Your task: Although the data below contains pictures, output only the lines between those holding "Zázraky se dějí." and "Ración integral 150 gr ref: 0049", inclusive, exactly and without those pictures.

----------

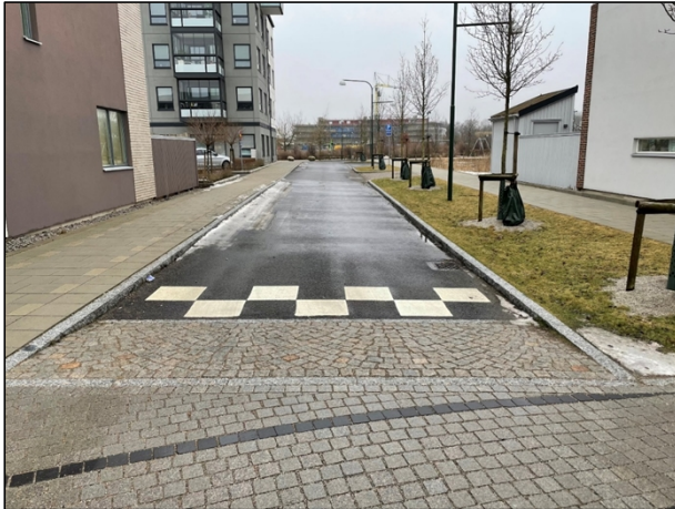
Figur 2 Bild på Höbalsgatan

infarter eller platsbildningen för att kunna mötas. Det finns inte några separata cykelbanor, utan cykling sker i körbanan. Ett syfte med de smala körbanorna och förskjutningarna mitt på sträckan är att dämpa bilarnas hastighet.
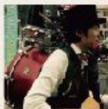
油ナジーン・ジーンマンバンド
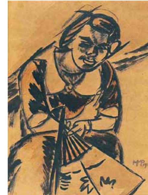
4. Max Pechstein: Nő legyezővel, 1912 magántulajdon
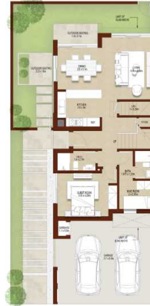
GROUND LEVEL الطابق الارضي
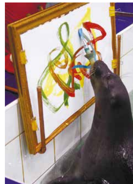
В ходе спектакля нерпы покажут свои театральные, музыкальные и художественные способности
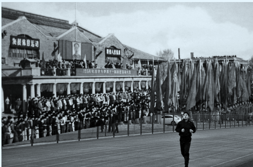
西大操场
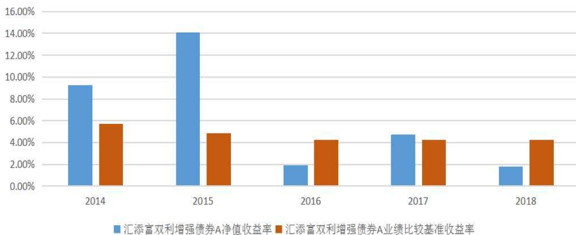
汇添富双利增强债券A基金每年净值增长率与同期业绩比较基准收益率的对比图
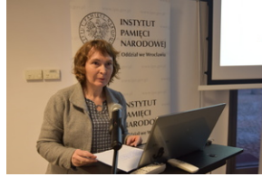
O historycznych i współczesnych relacjach między koleją a przemysłem, Wrocław - 7 grudnia 2022
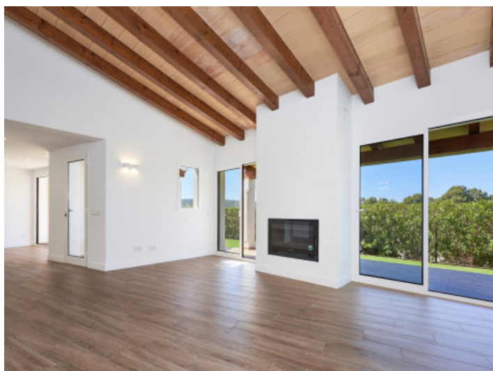
Salón luminoso con techos altos
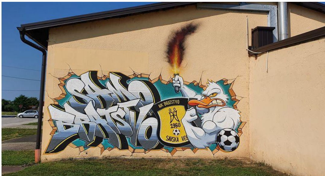
Slika 3. Grafit na prostorijama nogometnog kluba „Bratstva“ iz Savske Vesi
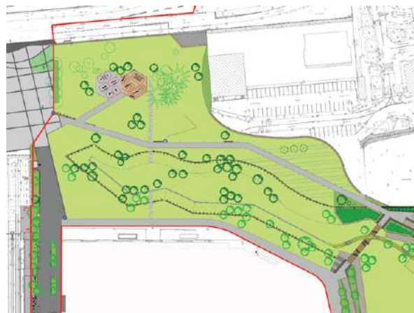
Plan des aménagements réalisés à l'entrée du parc, côté Maine.

Les travaux d'aménagement de l'entrée du parc ont commencé en juillet 2019 et se sont terminés au mois de mai.
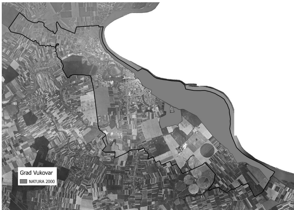
Slika 3: Zaštićena područja (Natura 2000), Izvor: Hrvatska agencija za okoliš i prirodu - Bio portal - obrada autora
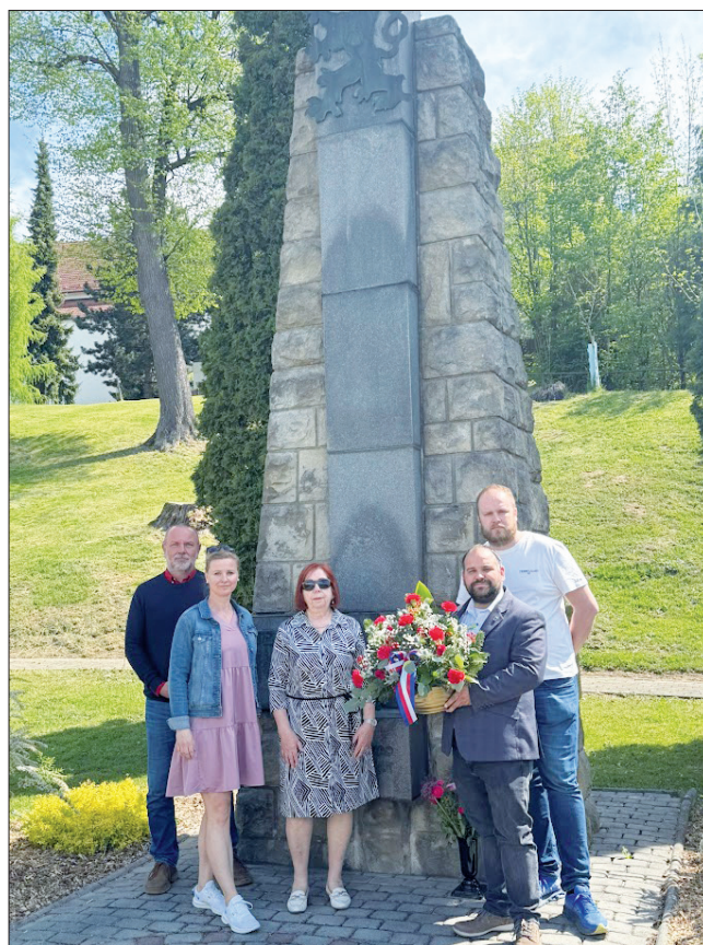
Vedení města Zubří si připomnělo 81. výročí ukončení druhé světové války a pietním aktem a položením kytice uctilo památku obětí obou světových válek.
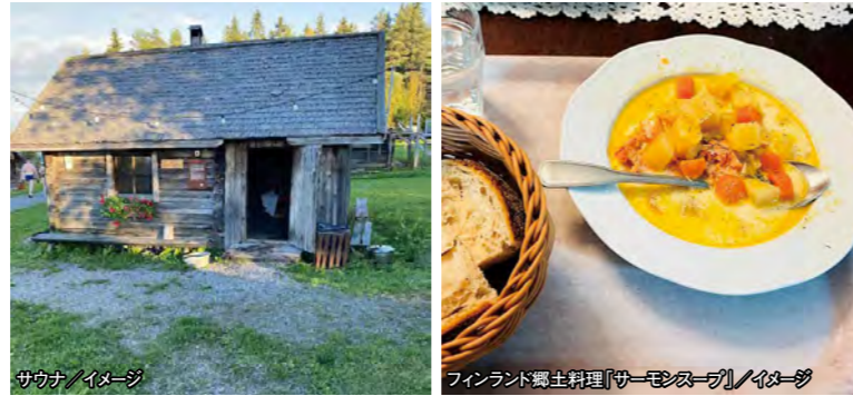
サウナ / イメージ
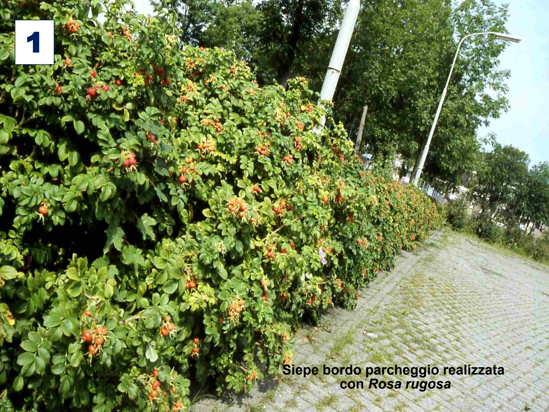
Siepe bordo parcheggio realizzata con Rosa rugosa
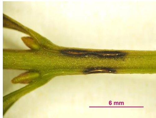
Abb. 11: Läsionen im Detail
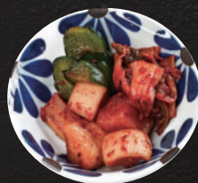
韓国キムチ盛合せ 650円(税込) (単品:大根、きゅうり、白菜)390円
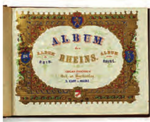
Page de titre, Album des Rheins , vers 1860

On a modifié la pratique en vigueur jusqu'ici dans le traitement des envois de masse en provenance des éditeurs. Ils sont préparés, pourvus d'une cote, entreposés sur leur emplacement définitif dans les magasins souterrains et ne seront indexés que plus tard en suivant une procédure semi-automatique.
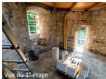
Vue du 1° étage

C'est le jour de la fête de la musique que le linteau et la traverse de la fenêtre coté parc ont été posés avec l'aide d'un palan fixé à l'étage supérieur. Le tailleur de pierre était assisté de Marcel, Alain et Jean Luc. La suite va consister à la restauration d'un coussiège et des ébrasements.
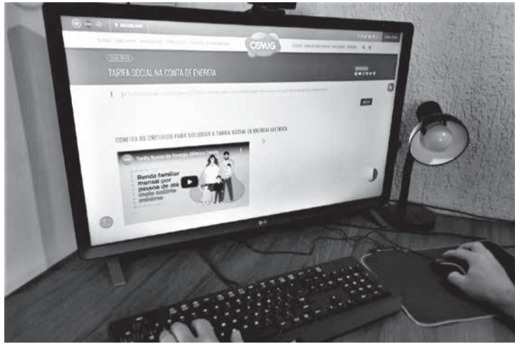
O benefício pode gerar uma redução que pode chegar a até 65% do valor da conta de luz para as famílias de baixa renda
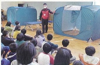
簡易間仕切りと簡易ベッド
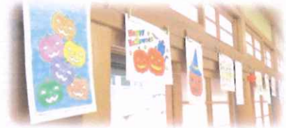
ハロウィン用にみんなで色を塗り飾りました。 自分のわかるかな?
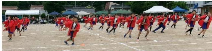
5月24日(日) 運動会 (東城小)
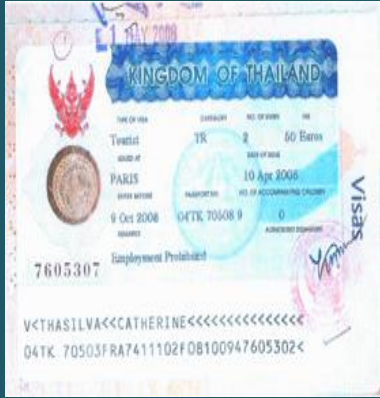
ยกเว้น Visa ประเภทนักท่องเที่ยว
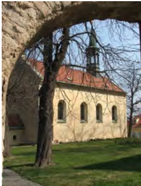
KOSTEL STĚTÍ SV. JANA KŘTITELE V HOSTIVAŘI

Zázraky se dějí. Mimořádný unikát, rozsáhlou nástěnnou malbu z konce 13. století, našli památkáři v pražském kostele Stětí sv. Jana Křtitele v Hostivaři. Restaurátoři dokončili první etapu záchranných prací. Odborníci se shodují, že v nenápadném kostele se jedná o objev středoevropského formátu. Stará nástěnná malba, která pokrývá celou konchu apsidy, rozsahem a kvalitou nemá v České republice obdoby.
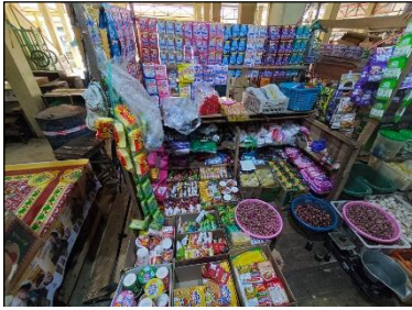
Gambar 4. 4 Lapak jualan kebutuhan sehari-hari
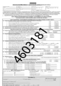
LISTA DI CONTROLLO DI MANUTENZIONE PREVENTIVA/CERTIFICAZIONE
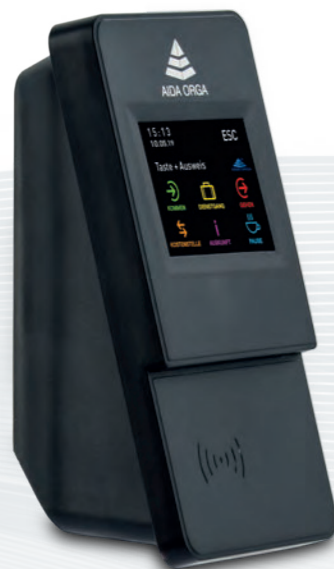
AIDA T1625 für Zeit, Zutritt und Kostenstellenwechsel
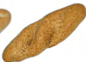
Ración integral 150 gr ref: 0049
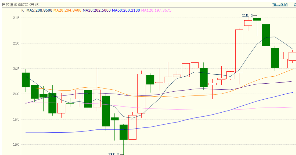
图 2、日胶连续 1 月 12 日行情走势
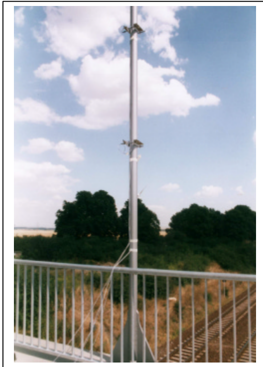
Befestigung der Beschleunigungsaufnehmer an einem Hänger

Im Zuge der Gewerbeverbindungsstraße in Halberstadt Ost wurde eine Stabbogenbrücke in Stahlbauweise über die Bahnstrecke Halle – Vienenburg neu errichtet. Aufgrund der vermehrt auftretenden Problematik der Hängerschwingungen bei Stabbogenbrücken wurden an den kritischen Hängern die Eigenfrequenzen und die Dämpfungsdekrementen experimentell ermittelt.

----------

Solved problem:
Zázraky se dějí. Mimořádný unikát, rozsáhlou nástěnnou malbu z konce 13. století, našli památkáři v pražském kostele Stětí sv. Jana Křtitele v Hostivaři. Restaurátoři dokončili první etapu záchranných prací. Odborníci se shodují, že v nenápadném kostele se jedná o objev středoevropského formátu. Stará nástěnná malba, která pokrývá celou konchu apsidy, rozsahem a kvalitou nemá v České republice obdoby.
Gambar 4. 4 Lapak jualan kebutuhan sehari-hari
LISTA DI CONTROLLO DI MANUTENZIONE PREVENTIVA/CERTIFICAZIONE
AIDA T1625 für Zeit, Zutritt und Kostenstellenwechsel
Ración integral 150 gr ref: 0049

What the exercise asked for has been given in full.